Member of Parliament for Satkhira-2
- In office 28 October 2001 – 27 October 2006
- Preceded by: Kazi Shamsur Rahman
- Succeeded by: M. A. Jabbar

Personal details
- Party: Bangladesh Jamaat-e-Islami

= Abdul Khaleque Mondal =

Bangladeshi politician (1944–2023)

Abdul Khaleque Mondal (1 August 1944 – 23 July 2023) was a politician of Bangladesh Jamaat-e-Islami and was a Jatiya Sangsad member, representing the Satkhira-2 constituency from 2001 to 2006. On 24 March 2022, he was sentenced to death for war crime charges.

== Early life and education ==
Abdul Khaleque Mondal was born on 1 August 1944 in Khalilnagar, Baikari Union, Satkhira, to Chan Mandal and Diljan Bibi. He passed Kamil from madrasa in 1965 and passed BA from Satkhira Government College in 1969. He later earned a master's degree in Islamic studies from the University of Dhaka.

== Career ==
Mondal was the principal of Agardari Kamil Madrasa in Satkhira. He was associated with the then-student organization Islami Chhatra Sangha of Jamaat-e-Islami. He was the Ameer of Jamaat's Satkhira district and a member of the Central Majlis Shura.

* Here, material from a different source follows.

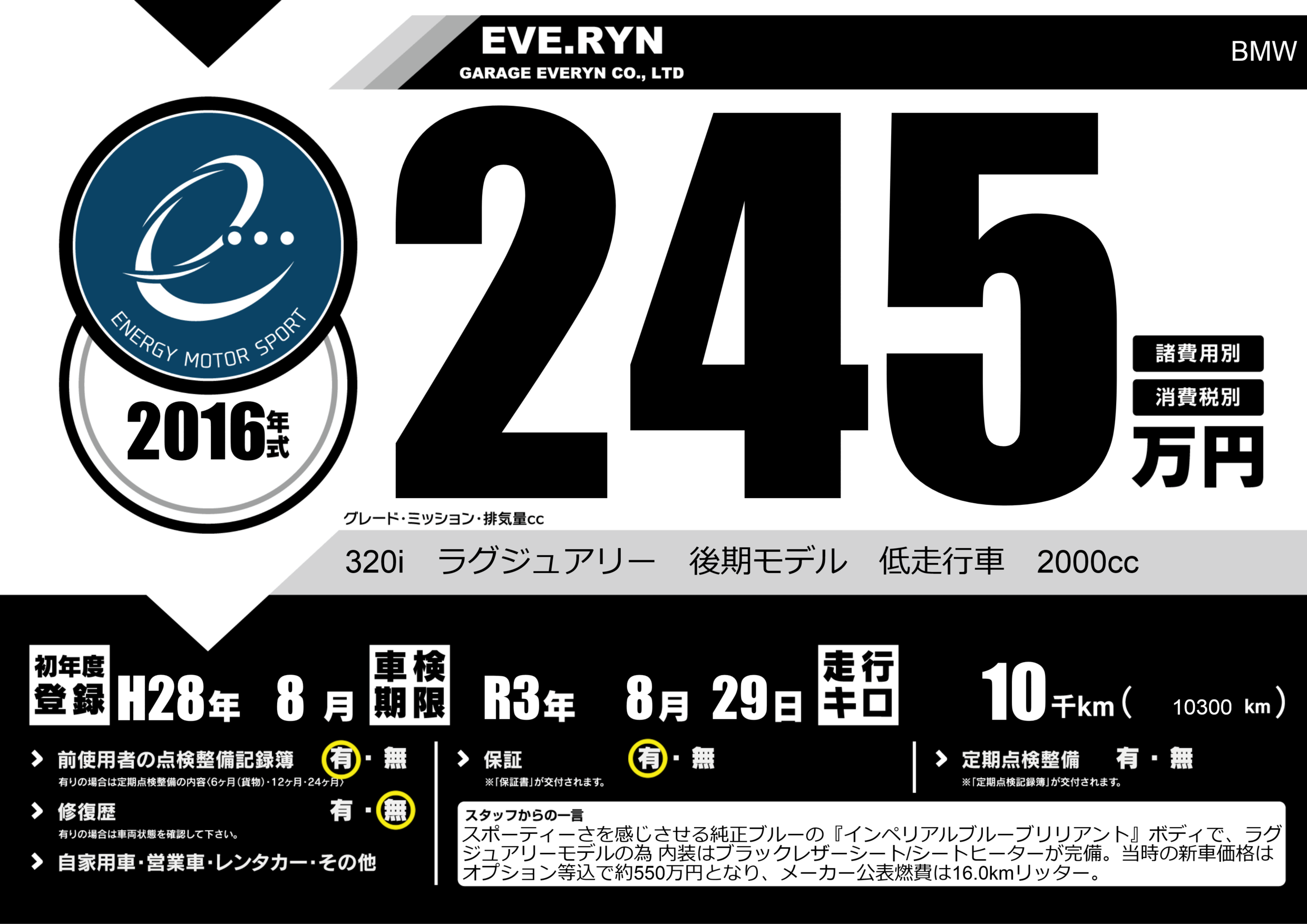 320i ラグジュアリー 後期モデル 低走行車 2000cc |

He was elected to the parliament representing the Satkhira-2 constituency as a Bangladesh Jamaat-e-Islami candidate in 2001. He lost the election in 2008 to the Jatiya Party candidate M. A. Jabbar.

== War crimes and convictions ==
The Daily Star accused him of supporting Ahle Hadith Andolon Bangladesh, an extremist group.

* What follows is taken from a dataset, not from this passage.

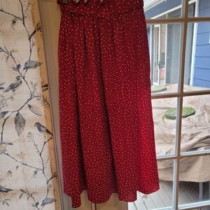 Elastic waist, pockets, and a loose, flowy romantic style. Size medium, measurements upon request. Comes from a pet friendly smoke free home.

In July 2009, Nazrul Islam Gazi from Shimulbarhia village filed a case against Mondal for killing his father Rustam Ali during the 1971 Bangladesh Liberation War.

Mandal was arrested on 16 June 2015 at a madrasa at Sadar Upazila on charges of planning to orchestrate violence. On 21 August, he was shown arrested in the war crime charges investigated at the International Crimes Tribunal. On 24 March 2022, Mondal was sentenced to death for the war crimes and crimes against humanity, including murder, rape, detention and torture. He had served in the paramilitary Razakar unit during the war.

== Death ==
Abdul Khaleque Mondal died on 23 July 2023, at the age of 78.